## EXERCISE DETAILS:
Exactly the lines from the start of the data below through the line that contains "Continuity mistake: When" are to be copied, with pictures left out.

## PROVIDED MATERIAL:
○ ○ ○

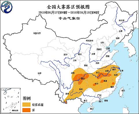 中央氣象臺2010年1月17日06時發(fā)布大霧藍(lán)色預(yù)警:
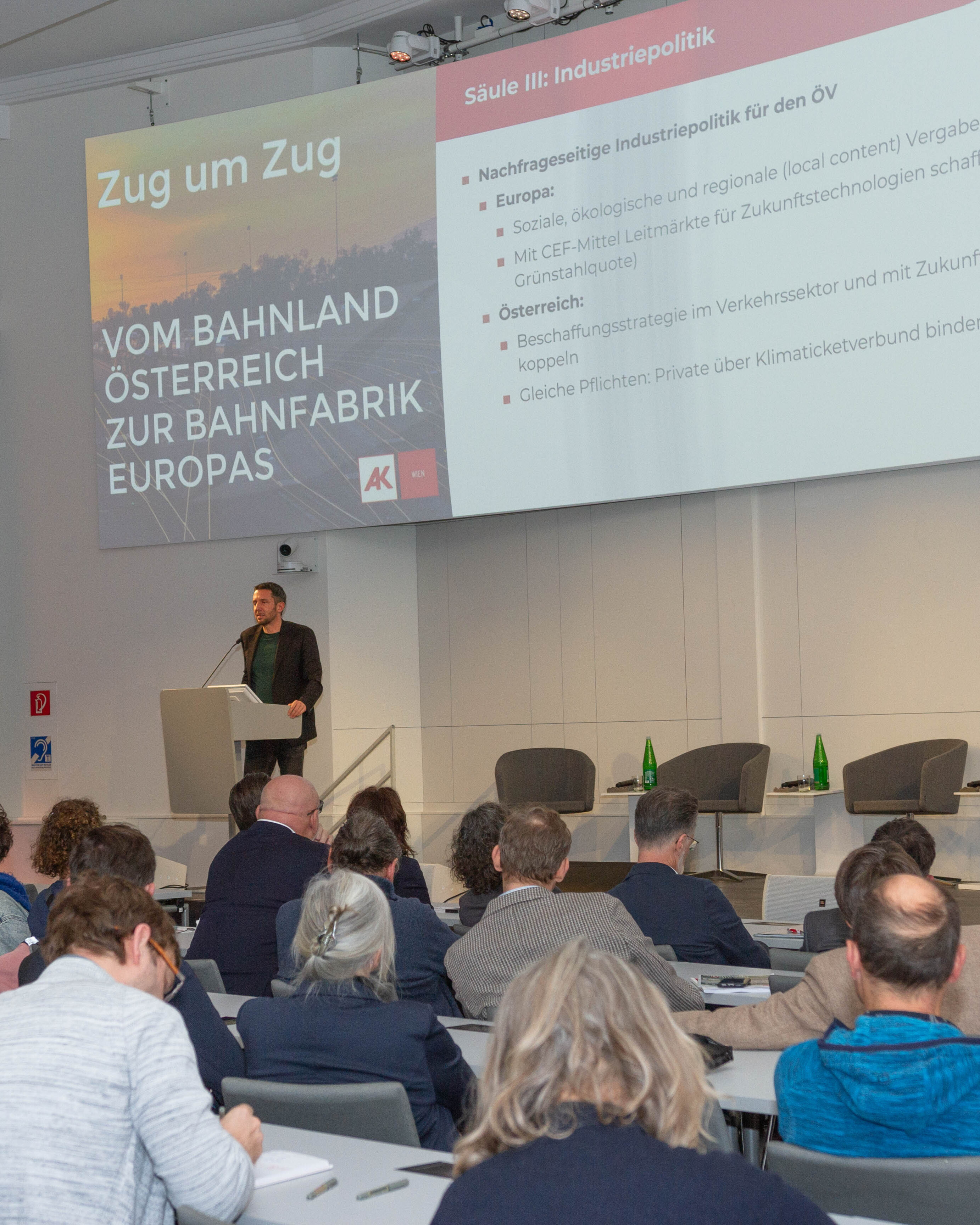 Roman Hebenstreit (Vorsitzender der Gewerkschaft vida und ÖBB-Konzernbetriebsratsvorsitzender) hob hervor, dass Zuversicht und Stabilität für die Beschäftigten der Bahnbranche essenziell seien. Neben Investitionen in die physische Infrastruktur brauche es vor allem Investitionen in die Beschäftigten und gute Arbeitsbedingungen. Zudem seien faire Wettbewerbsbedingungen zwischen Straße und Schiene dringend herzustellen.
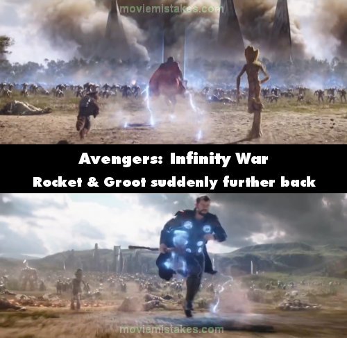 Continuity mistake: When Thor, Rocket and Groot begin charging towards the army after arriving in Wakanda, the shot from behind them shows Rocket and Groot running slightly behind Thor. Then it cuts directly to a shot in front of them, just before Thor jumps into the air, and Rocket and Groot are now further back. (01:45:50)
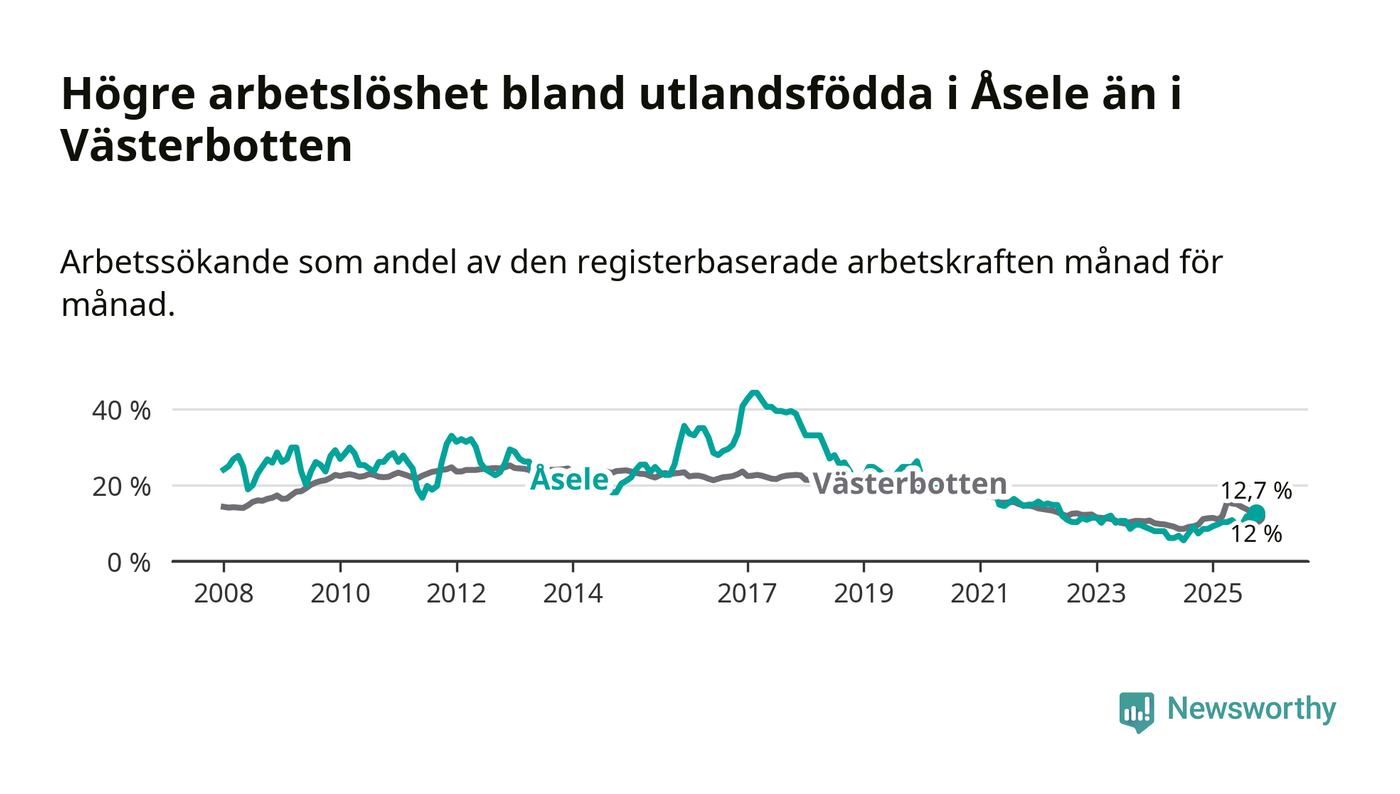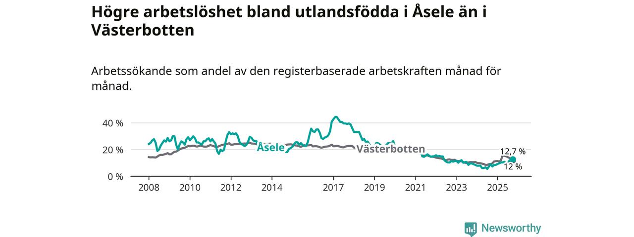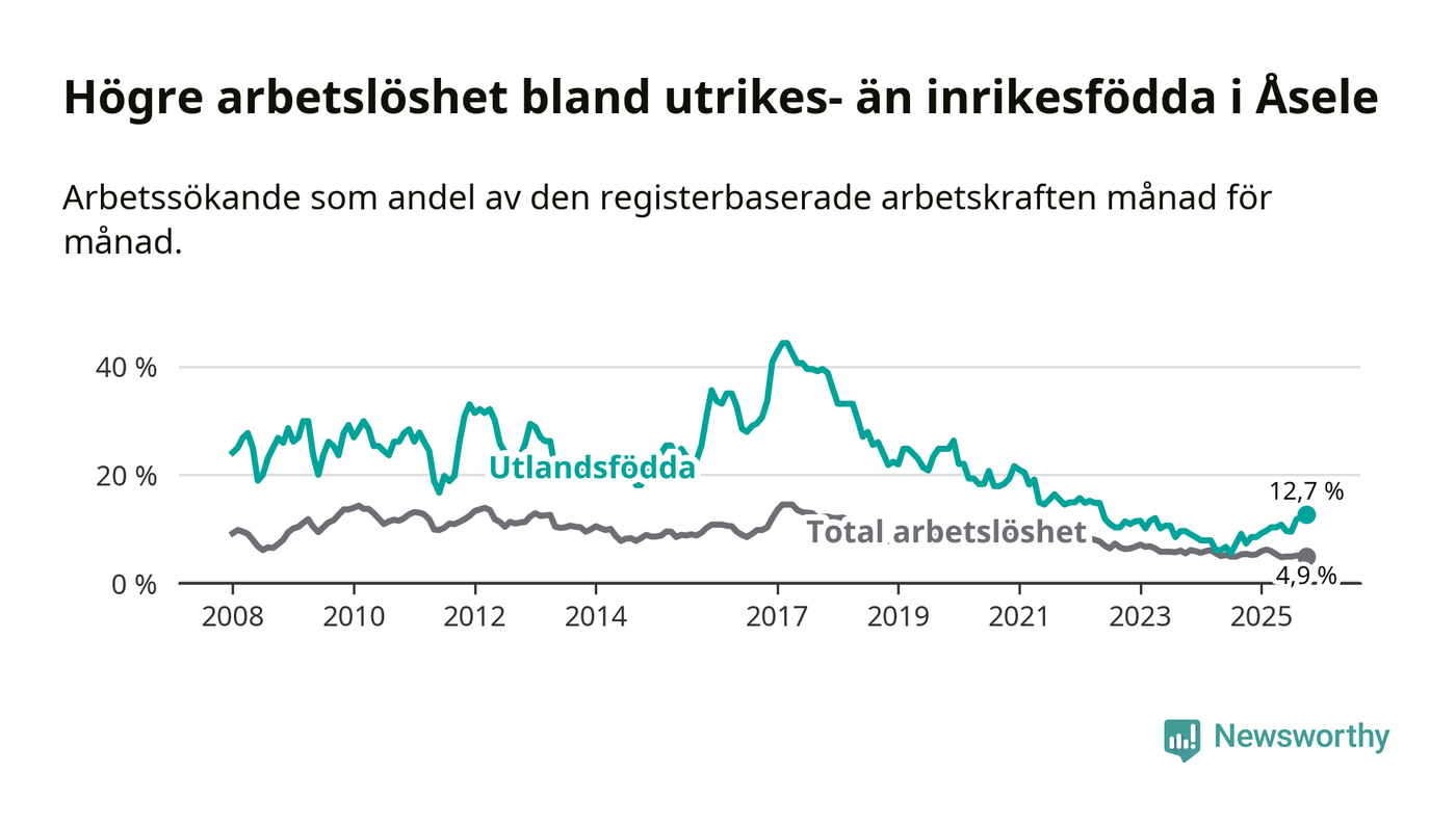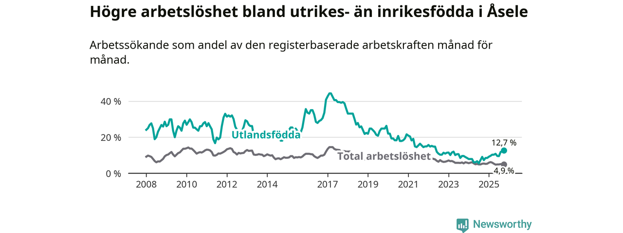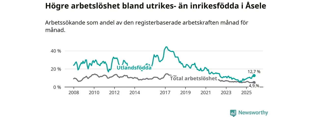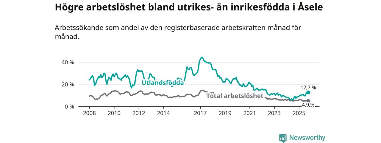 Arbetslösheten bland utlandsfödda var 12,7 procent i Åsele under oktober månad, motsvarande 22 av 173 personer. Det är 5,4 procentenheter fler än vid samma tidpunkt i fjol (+10 om man räknar personer). Därmed är de utlandsföddas arbetslöshet högre än vid samma tidpunkt i fjol för tionde månaden i följd. Sedan december 2024 har arbetslösheten bland utlandsfödda ökat från 8,5 till 12,7 procent. Den nuvarande arbetslöshetsnivån är den högsta sedan maj 2022.

○ ○ ○

## WRITTEN SOLUTION:
 中央氣象臺2010年1月17日06時發(fā)布大霧藍(lán)色預(yù)警:
 Roman Hebenstreit (Vorsitzender der Gewerkschaft vida und ÖBB-Konzernbetriebsratsvorsitzender) hob hervor, dass Zuversicht und Stabilität für die Beschäftigten der Bahnbranche essenziell seien. Neben Investitionen in die physische Infrastruktur brauche es vor allem Investitionen in die Beschäftigten und gute Arbeitsbedingungen. Zudem seien faire Wettbewerbsbedingungen zwischen Straße und Schiene dringend herzustellen.
 Continuity mistake: When Thor, Rocket and Groot begin charging towards the army after arriving in Wakanda, the shot from behind them shows Rocket and Groot running slightly behind Thor. Then it cuts directly to a shot in front of them, just before Thor jumps into the air, and Rocket and Groot are now further back. (01:45:50)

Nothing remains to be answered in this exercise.